Using only the entries below, copy exactly the lines that begin at the one with "This one at" and end at the one with "Step into regal", both included. Drop the pictures.

Saved data entries
· · · · ·
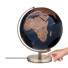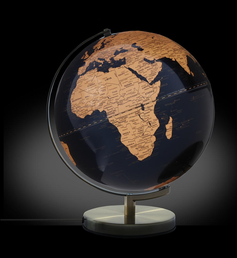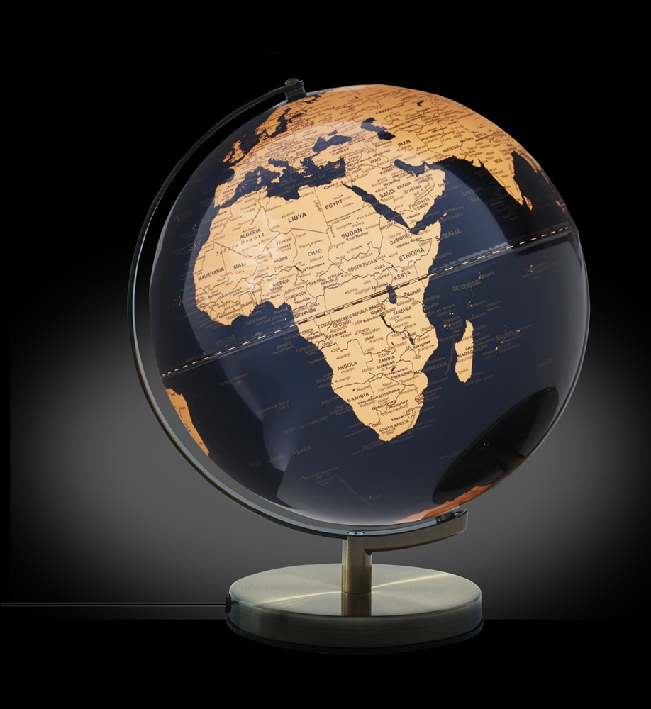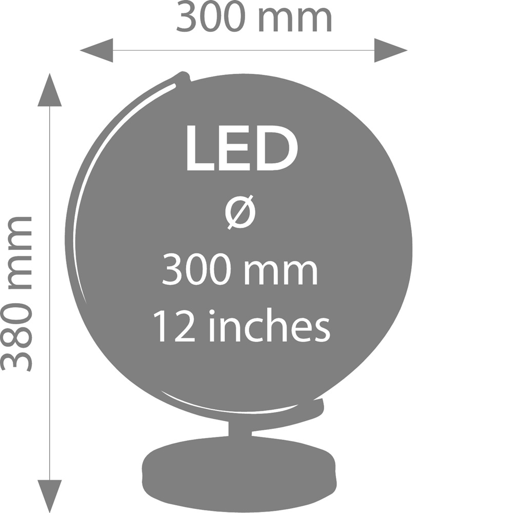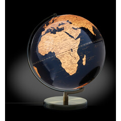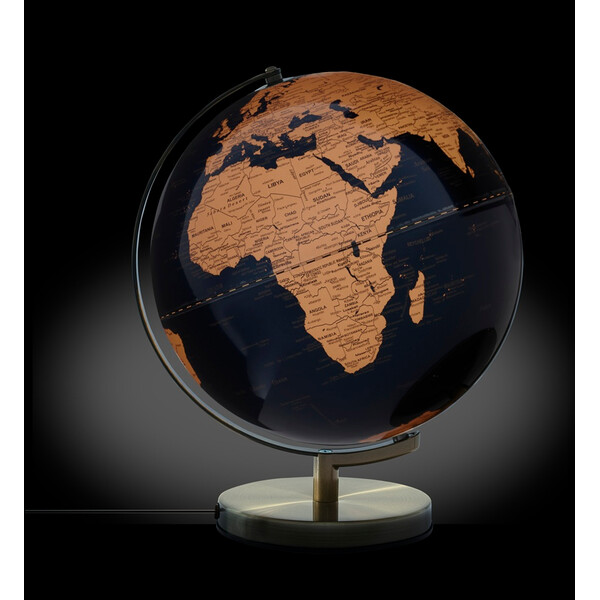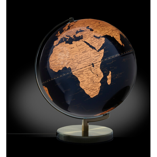 Атрактивен дизайн: Матов STELLAR LIGHT TOUCH LED глобус (диаметър 30 см) с осветено изображение на картата. Бронзово оцветените континенти и тъмносините морета създават завладяващ контраст. Картата е обозначена на английски език с информация за континенти, държави, океани, географски зони, важни градове и планини. Планините са осезаемо подчертани на повърхността.
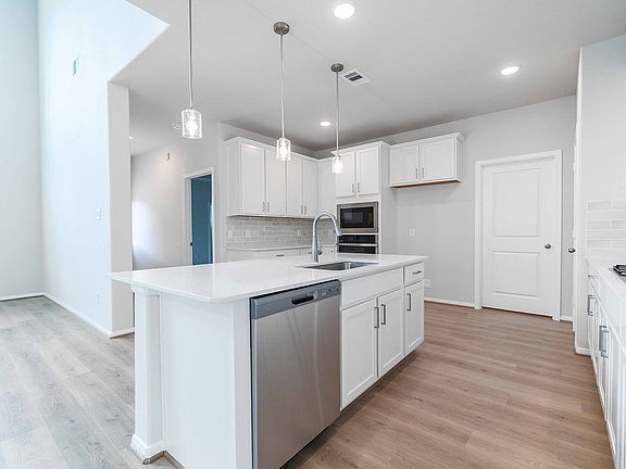The exciting, two-story Hayden home offers plenty of flex space with bright and airy rooms. Upon entering this home, you are greeted with the stairway to your second floor, as well as your convenient downstairs powder bathroom and entry to your private study room. You can opt to turn the study room into a bedroom if you need extra space for guests. Traveling down the foyer, you will be captivated by the open-concept layout that flows from the two-story family room to the inviting dining space and spacious kitchen. This area boasts a ton of options such as an appealing fireplace for your family room, and an extra sink in your kitchen to serve as a wetbar! This layout is perfect for entertaining gatherings of any size. Your kitchen also comes with attractive features like sleek granite countertops, ceramic tile backsplash, industry-leading appliances, and a kitchen island! Right off the kitchen is entry to your walk-in utility and your two-car garage. You can even add on extra space, turning your garage into a two-and a half car or three-car garage! For those that love spending quality time with family outdoors, the Hayden plan gives you the ability to include a sizable covered patio in your backyard. Back inside, you are met with your deluxe master retreat featuring a huge walk-in closet and a divine master bathroom. Your master bathroom features dual vanities, a bathtub and a stand alone shower that you can transform into a super shower if you desire. Head upstairs where...
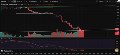 Hoy también hemos tenido una ruptura pronto, venia con mucha mecha pero mirando atrás, parecía una tendencia bajista clara con impulso y pullback, por lo que entramos como siempre, al principio se ralentizó pero enseguida vino un impulso grande que nos enseño que estábamos en el buen camino, tanto fue así que aunque aquí reflejo el cierre en 1.17650, en realidad aun sigo en la operación ajustando el SL y ya estoy en 1.17363 con seguridad.
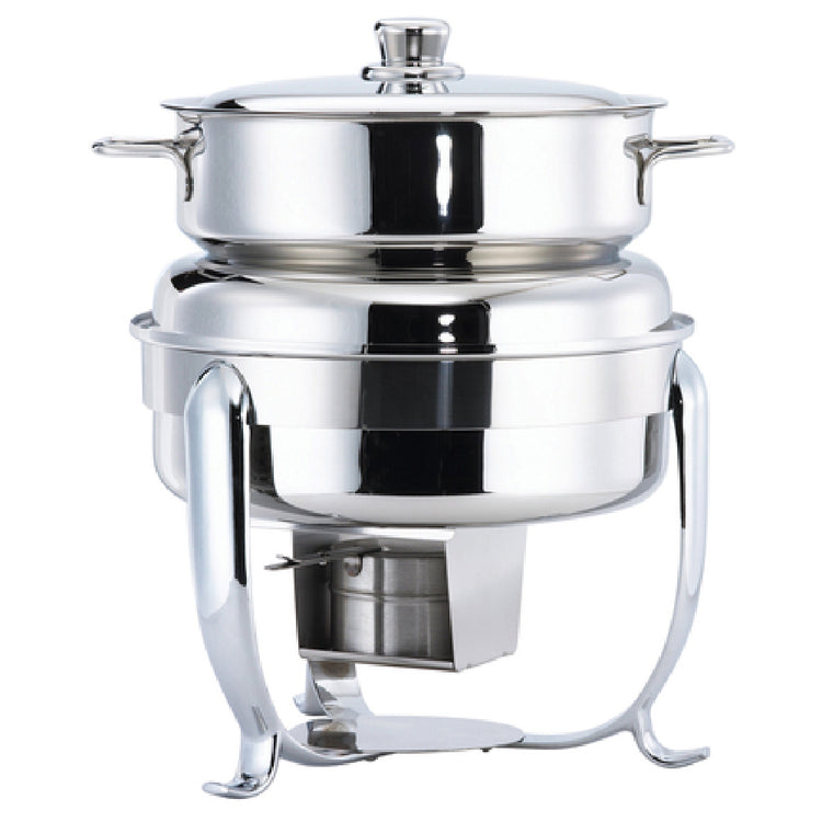 The Browne Foodservice 575172 Octave Soup Station is a meticulously designed solution for efficient soup service in various foodservice settings. With a generous capacity of 10-1/2 quarts, this station is perfect for high-volume environments, providing ample space for serving large batches of soup. The soup station measures 15 inches in diameter and stands at 17-1/2 inches high, making it a compact yet practical addition to any kitchen setup. The round soup station includes a soup tureen, water pan, and a single fuel holder, ensuring complete functionality for maintaining soup temperature. The lift-off cover allows for easy access and hassle-free refilling, while the dripless design minimizes mess, maintaining a clean service area. Crafted from durable stainless steel with a mirror finish, the soup station not only offers long-lasting performance but also adds a touch of elegance to the presentation. Ideal for catering services, buffet lines, and restaurants, this versatile product supports different segment markets within the foodservice industry by combining practicality with aesthetic appeal, enhancing both service efficiency and customer satisfaction.
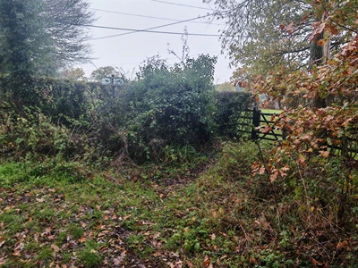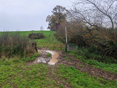 Go through the gate into the field and follow the fence of the house on the left. Gird your loins before climbing over the stile in the hedgerow ahead.
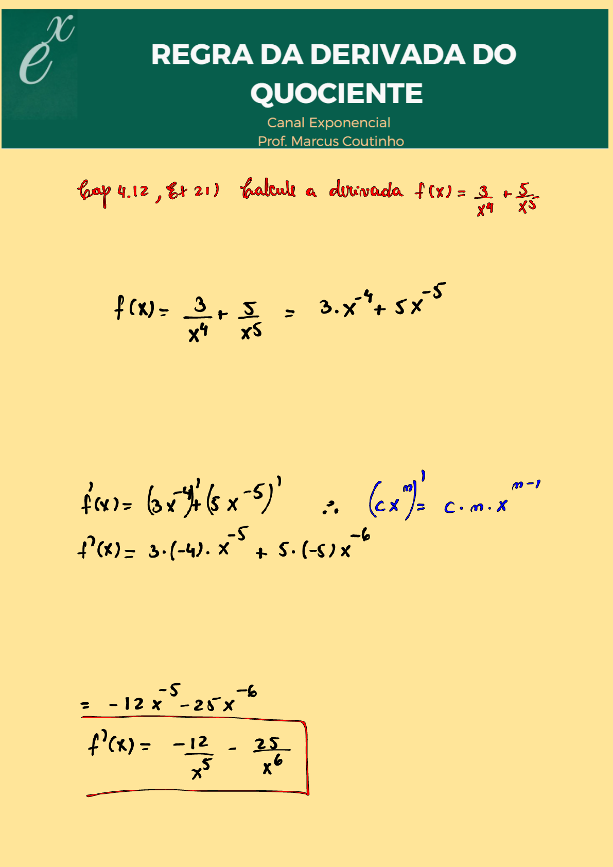 Inicialmente r�screva as frações, passando a variável x para o numerad�, usando expoentes negativos. Sabendo que a derivada da soma é igual a soma das derivadas, aplique em cada um dos termos a regra da derivada do produto de uma constante p� uma função, combinada com a regra da derivada da potência. Realize as multiplicações indicadas e em seguida r�screva a expressão passando as variáveis para o denominad�, encontrando a derivada solicitada. Inicialmente r�screva as frações, passando a variável x para o numerad�, usando expoentes negativos. Sabendo que a derivada da soma é igual a soma das derivadas, aplique em cada um dos termos a regra da derivada do produto de uma constante p� uma função, combinada com a regra da derivada da potência. Realize as multiplicações indicadas e em seguida r�screva a expressão passando as variáveis para o denominad�, encontrando a derivada solicitada.
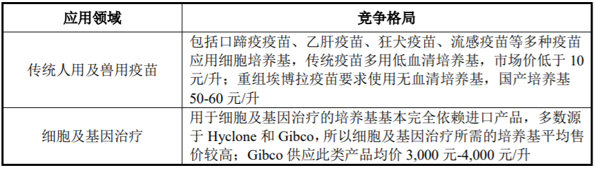 抗体和蛋白药物的细胞培养基,进口产品一般在200-300元/升,国产产品一般在100元/升左右。细胞和基因治疗的培养基几乎完全依赖进口,售价一般在3000-4000元/升。
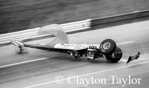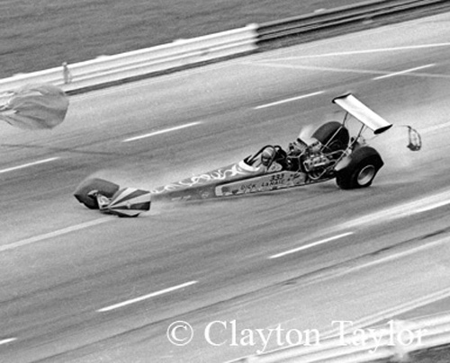 This one at Indy was captured by photographer Clayton Taylor. It was the second of two bad crashes for LaHaie. Taylor was right on the spot to shoot LaHaie's crash. The crash was caused by a left rear tire failure. When it looked like Dick was out of business, his old friend, M& H tire honcho Marv Rifchin wrote Dick a check to pay for a new top fuel car.
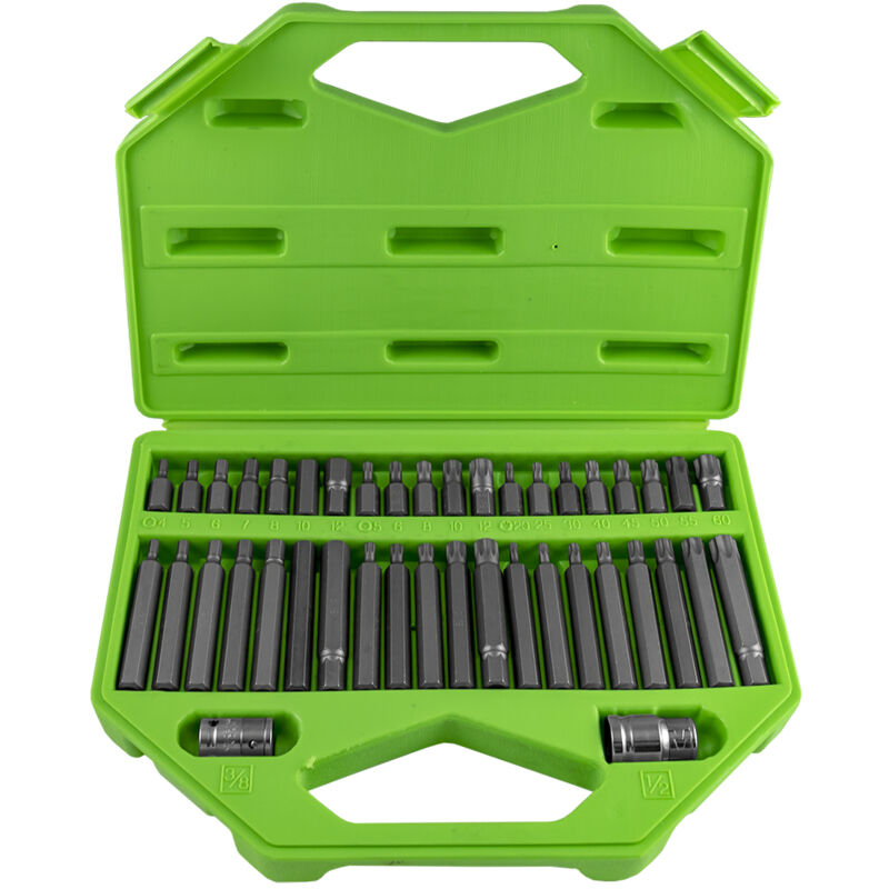 VALIGETTA CONTENENTE: / / 7 Esagoni da 30 mm: 4, 5, 6, 7, 8, 10 e 12 mm / 7 Esagoni da 75 mm: 4, 5, 6, 7, 8, 10 e 12 mm / 8 Torx 30 mm: T20, T25, T30, T40, T45, T50, T55, T60 / 8 Torx 75 mm: T20, T25, T30, T40, T45, T5
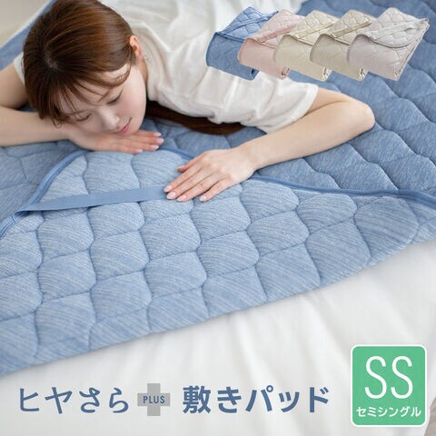 敷きパッド セミシングル 冷感 速乾 リバーシブル ひんやり 接触冷感 さらさら 吸水速乾 パイル 洗える 清潔 抗菌防臭 防ダニ 【ネイビー】ヒヤさら+(プラス)
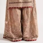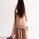 Step into regal elegance with this gorgeous dusty pink gharara suit by Rittaj Collection. The outfit features a finely embroidered long shirt with delicate motifs and beadwork, beautifully paired with a heavily embellished gharara for a dramatic and traditional flair. The sheer dupatta is enhanced with matching embroidery and maroon accents, adding richness and depth to the ensemble. Perfect for bridesmaids, wedding guests, or formal events, this outfit embodies classic luxury with a modern touch. Add timeless charm to your wardrobe with this exquisite piece from Rittaj Collection.
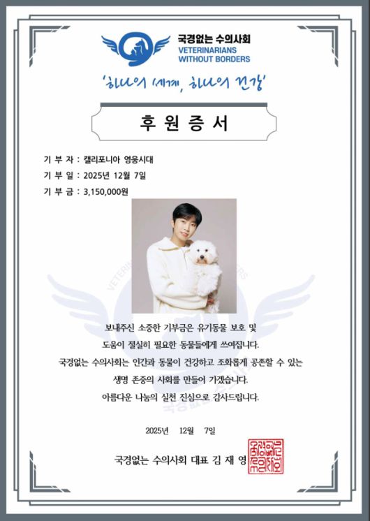 국경없는 수의사회 김재영 회장은 “해외 팬들이 임영웅의 이름으로 보내온 따뜻한 후원은 의료 지원과 생명 존중 교육 등 다양한 활동을 통해 의료 취약 동물의 안전망이 되고 동물과 사람 모두에게 희망이 될 것”이라며 감사를 표했다.
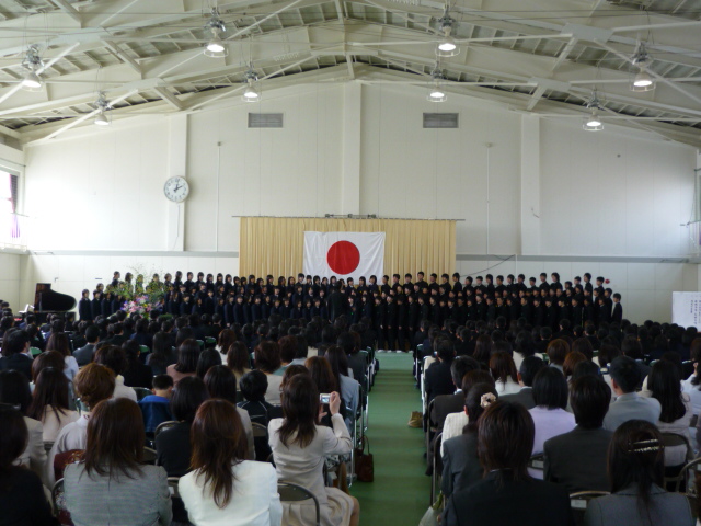 校庭の桜が満開の中、入学式が行われました。写真は、2・3年生有志による歓迎の歌です。羽津中らしい入学式でした。 ホームページをごらんの皆様、本年度もよろしくお願いいたします。 |
· · · · ·
**Your response:**
 This one at Indy was captured by photographer Clayton Taylor. It was the second of two bad crashes for LaHaie. Taylor was right on the spot to shoot LaHaie's crash. The crash was caused by a left rear tire failure. When it looked like Dick was out of business, his old friend, M& H tire honcho Marv Rifchin wrote Dick a check to pay for a new top fuel car.
 VALIGETTA CONTENENTE: / / 7 Esagoni da 30 mm: 4, 5, 6, 7, 8, 10 e 12 mm / 7 Esagoni da 75 mm: 4, 5, 6, 7, 8, 10 e 12 mm / 8 Torx 30 mm: T20, T25, T30, T40, T45, T50, T55, T60 / 8 Torx 75 mm: T20, T25, T30, T40, T45, T5
 敷きパッド セミシングル 冷感 速乾 リバーシブル ひんやり 接触冷感 さらさら 吸水速乾 パイル 洗える 清潔 抗菌防臭 防ダニ 【ネイビー】ヒヤさら+(プラス)
 Step into regal elegance with this gorgeous dusty pink gharara suit by Rittaj Collection. The outfit features a finely embroidered long shirt with delicate motifs and beadwork, beautifully paired with a heavily embellished gharara for a dramatic and traditional flair. The sheer dupatta is enhanced with matching embroidery and maroon accents, adding richness and depth to the ensemble. Perfect for bridesmaids, wedding guests, or formal events, this outfit embodies classic luxury with a modern touch. Add timeless charm to your wardrobe with this exquisite piece from Rittaj Collection.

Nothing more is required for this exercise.